- DATA EXCERPT -
##############################

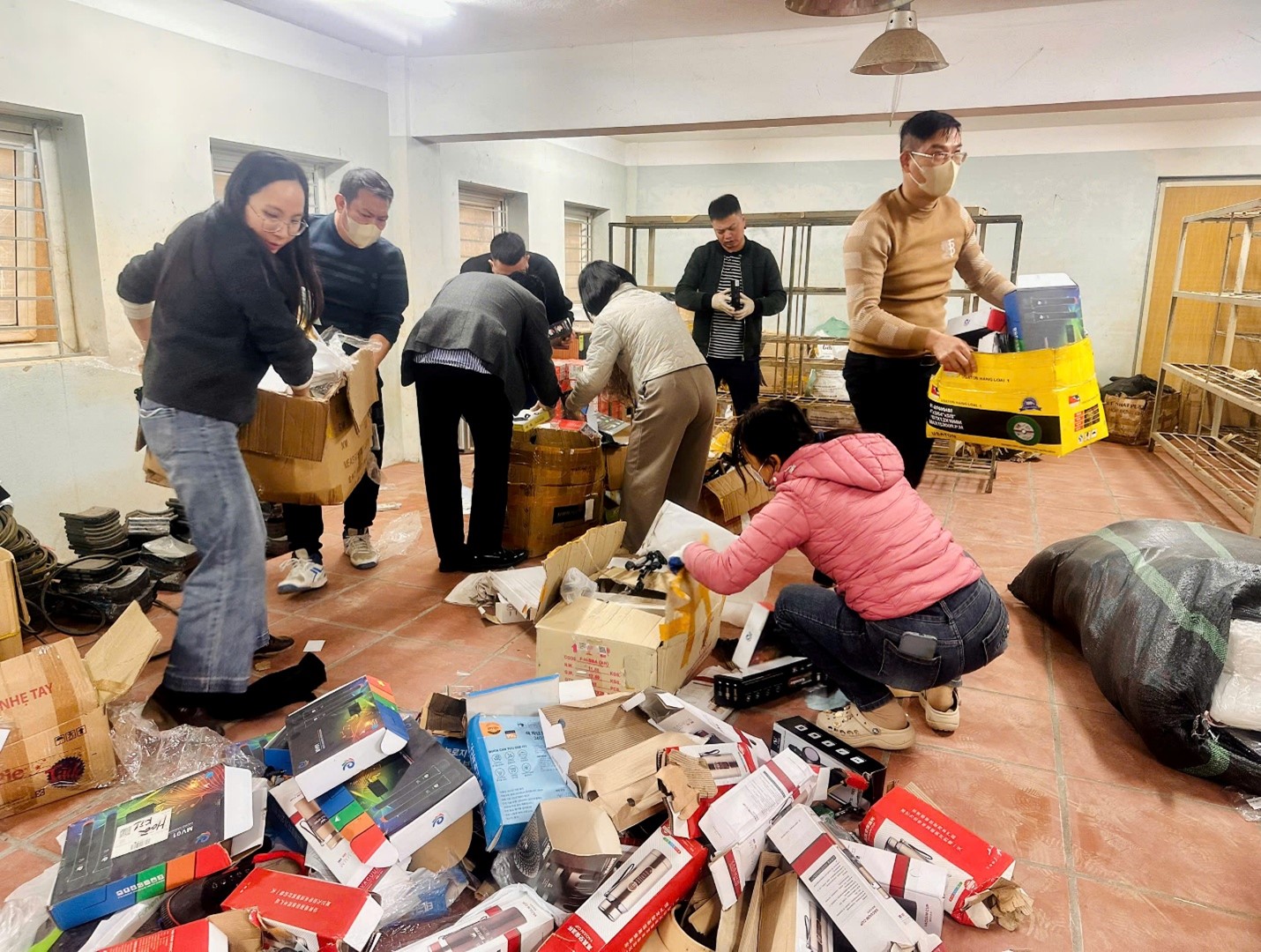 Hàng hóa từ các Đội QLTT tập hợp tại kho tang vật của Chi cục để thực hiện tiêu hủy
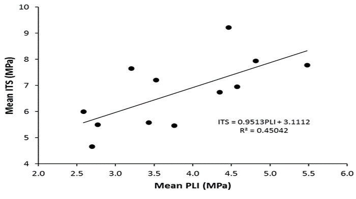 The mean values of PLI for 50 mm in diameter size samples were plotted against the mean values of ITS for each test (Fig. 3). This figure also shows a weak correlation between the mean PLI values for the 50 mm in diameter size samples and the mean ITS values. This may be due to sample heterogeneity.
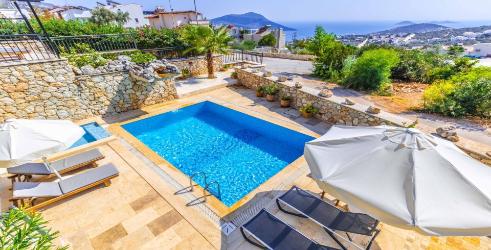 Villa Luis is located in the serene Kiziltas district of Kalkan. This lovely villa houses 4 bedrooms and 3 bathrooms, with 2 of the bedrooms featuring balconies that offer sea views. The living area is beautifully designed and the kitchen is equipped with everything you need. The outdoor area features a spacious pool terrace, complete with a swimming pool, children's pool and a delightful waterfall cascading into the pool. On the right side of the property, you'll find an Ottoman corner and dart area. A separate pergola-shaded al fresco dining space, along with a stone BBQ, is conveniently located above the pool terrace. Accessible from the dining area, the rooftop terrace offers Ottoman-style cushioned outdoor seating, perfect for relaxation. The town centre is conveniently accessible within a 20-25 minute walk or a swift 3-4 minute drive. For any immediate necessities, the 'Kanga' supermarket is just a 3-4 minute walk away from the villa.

##############################

- REQUIRED ACTION -
Exact copy, pictures excluded: repeat the lines from the top of the material through the line with "The mean values of PLI".

- EXPECTED ANSWER -
 Hàng hóa từ các Đội QLTT tập hợp tại kho tang vật của Chi cục để thực hiện tiêu hủy
 The mean values of PLI for 50 mm in diameter size samples were plotted against the mean values of ITS for each test (Fig. 3). This figure also shows a weak correlation between the mean PLI values for the 50 mm in diameter size samples and the mean ITS values. This may be due to sample heterogeneity.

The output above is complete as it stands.